:: TASK REQUIREMENTS ::
In the listing that follows, the range to quote begins at the line that has "çalışmaları devam ediyor." and ends after the line that has "Solar power bank"; quote it verbatim and add nothing.
(SOURCE RECORDS begins)
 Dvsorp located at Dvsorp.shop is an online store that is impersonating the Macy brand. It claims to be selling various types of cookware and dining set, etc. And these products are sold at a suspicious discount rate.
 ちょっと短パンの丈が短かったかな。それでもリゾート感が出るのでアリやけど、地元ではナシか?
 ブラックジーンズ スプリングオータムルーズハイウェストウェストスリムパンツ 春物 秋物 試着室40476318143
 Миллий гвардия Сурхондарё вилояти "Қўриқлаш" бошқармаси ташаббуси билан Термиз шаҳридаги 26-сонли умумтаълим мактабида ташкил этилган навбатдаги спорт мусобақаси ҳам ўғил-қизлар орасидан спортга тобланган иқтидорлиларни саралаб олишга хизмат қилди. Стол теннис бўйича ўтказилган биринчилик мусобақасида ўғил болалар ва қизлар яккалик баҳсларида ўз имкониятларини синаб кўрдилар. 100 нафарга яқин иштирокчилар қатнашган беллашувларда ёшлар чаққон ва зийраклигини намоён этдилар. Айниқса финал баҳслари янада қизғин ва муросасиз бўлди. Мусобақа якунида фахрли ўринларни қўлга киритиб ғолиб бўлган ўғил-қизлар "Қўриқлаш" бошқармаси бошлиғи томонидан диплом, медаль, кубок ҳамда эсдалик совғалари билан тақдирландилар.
(SOURCE RECORDS ends)
(SOURCE RECORDS begins)
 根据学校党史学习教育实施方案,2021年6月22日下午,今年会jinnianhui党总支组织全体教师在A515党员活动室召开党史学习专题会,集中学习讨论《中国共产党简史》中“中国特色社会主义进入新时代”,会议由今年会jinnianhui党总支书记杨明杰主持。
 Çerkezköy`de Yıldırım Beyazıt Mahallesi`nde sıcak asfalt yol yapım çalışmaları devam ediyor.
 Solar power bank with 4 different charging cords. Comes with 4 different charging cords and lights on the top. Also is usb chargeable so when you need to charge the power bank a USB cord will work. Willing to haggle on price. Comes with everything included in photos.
(SOURCE RECORDS ends)
:: ANSWER TO THIS PROBLEM ::
 Çerkezköy`de Yıldırım Beyazıt Mahallesi`nde sıcak asfalt yol yapım çalışmaları devam ediyor.
 Solar power bank with 4 different charging cords. Comes with 4 different charging cords and lights on the top. Also is usb chargeable so when you need to charge the power bank a USB cord will work. Willing to haggle on price. Comes with everything included in photos.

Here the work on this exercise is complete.